The expected output is an exact copy of each line from the line with "No. 1 No. 2 No. 3" through the end of the data below, with no pictures in it.

DATA |
──────

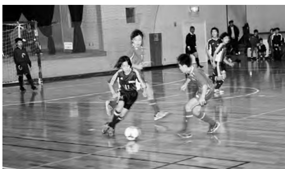
シュートのたびに歓声が飛び交った各試合

交流大会も兼ねたこの大会には、全二十三チームが参加して熱戦を繰り広げました。日高予選は、新ひだか町静内の高静サッカー少年団が優勝しました。
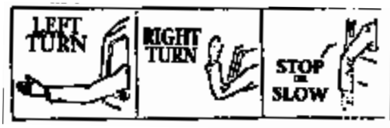
No. 1 No. 2 No. 3
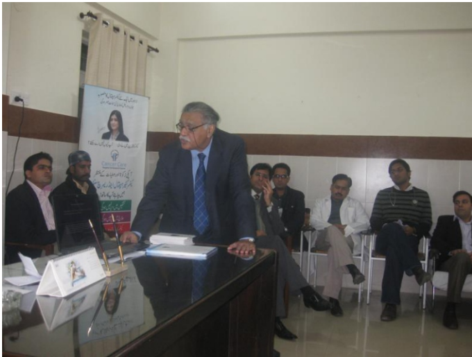
سرمرز اسٹیوٹ آف میڈیکل سائنسز (SIMS) میں میڈیکل آفیسرز اور ہاؤس آفیسرز کے لئے Palliative Care پر ایک لیکچر منعقد کیا گیا۔

──────

TASK RESULT |
No. 1 No. 2 No. 3
سرمرز اسٹیوٹ آف میڈیکل سائنسز (SIMS) میں میڈیکل آفیسرز اور ہاؤس آفیسرز کے لئے Palliative Care پر ایک لیکچر منعقد کیا گیا۔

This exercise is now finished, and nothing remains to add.